Green Synthesis of Highly Fluorescent Carbon Dots from Bovine Serum Albumin for Linezolid Drug Delivery as Potential Wound Healing Biomaterial: Bio-Synergistic Approach, Antibacterial Activity, and In Vitro and Ex Vivo Evaluation

Pharmaceutics. 2023 Jan 10;15(1):234. doi: 10.3390/pharmaceutics15010234.

Abstract

A simple and green approach was developed to produce novel highly fluorescent bovine serum albumin carbon dots (BCDs) via facile one-step hydrothermal treatment, using bovine serum albumin as a precursor carbon source. Inherent blue photoluminescence of the synthesized BCDs provided a maximum photostability of 90.5 ± 1.2% and was characterized via TEM, FT-IR, XPS, XRD, UV-visible, and zeta potential analyses. By virtue of their extremely small size, intrinsic optical and photoluminescence properties, superior photostability, and useful non-covalent interactions with the synthetic oxazolidinone antibiotic linezolid (LNZ), BCDs were investigated as fluorescent nano-biocarriers for LNZ drug delivery. The release profile of LNZ from the drug delivery system (LNZ-BCDs) revealed a distinct biphasic release, which is beneficial for mollifying the lethal incidents associated with wound infection. The effective wound healing performance of the developed LNZ-BCDs were evaluated through various in vitro and ex vivo assays such as MTT, ex vivo hemolysis, in vitro antibacterial activity, in vitro skin-related enzyme inhibition, and scratch wound healing assays. The examination of LNZ-BCDs as an efficient wound healing biomaterial illustrated excellent biocompatibility and low cytotoxicity against normal human skin fibroblast (HSF) cell line, indicating distinct antibacterial activity against the most common wound infectious pathogens including Staphylococcus aureus (ATCC® 25922) and methicillin-resistant Staphylococcus aureus, robust anti-elastase, anti-collagenase, and anti-tyrosinase activities, and enhanced cell proliferation and migration effect.

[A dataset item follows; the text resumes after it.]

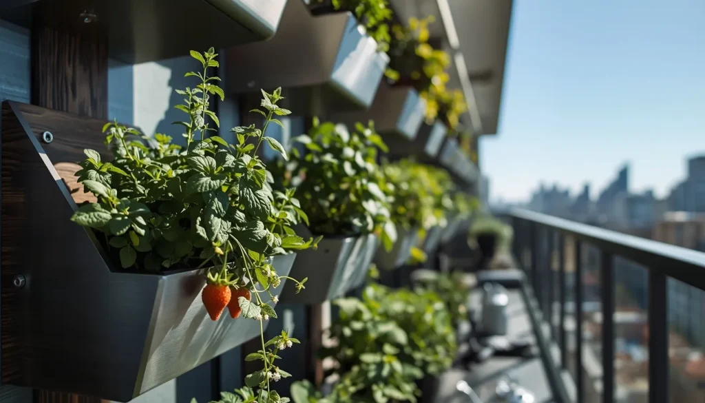 Wall mounted containers are perfect for creating a concentrated herb station. You can integrate fruits and herbs like trailing strawberries and creeping rosemary into these systems to create a cascading effect. Using sleek materials such as terracotta, brushed metal, or minimalist ceramics ensures that the hardware matches the sophisticated aesthetic of your home. This vertical arrangement keeps your most used kitchen staples within easy reach while acting as a fragrant piece of living art.

The obtained results confirmed the feasibility of using the newly designed fluorescent LNZ-BCDs nano-bioconjugate as a unique antibacterial biomaterial for effective wound healing and tissue regeneration. Besides, the greenly synthesized BCDs could be considered as a great potential substitute for toxic nanoparticles in biomedical applications due to their biocompatibility and intense fluorescence characteristics and in pharmaceutical industries as promising drug delivery nano-biocarriers for effective wound healing applications.

Keywords: antibacterial; bovine serum albumin; carbon dots; hydrothermal treatment; linezolid delivery; wound healing.

Grants and funding

This research received no external funding.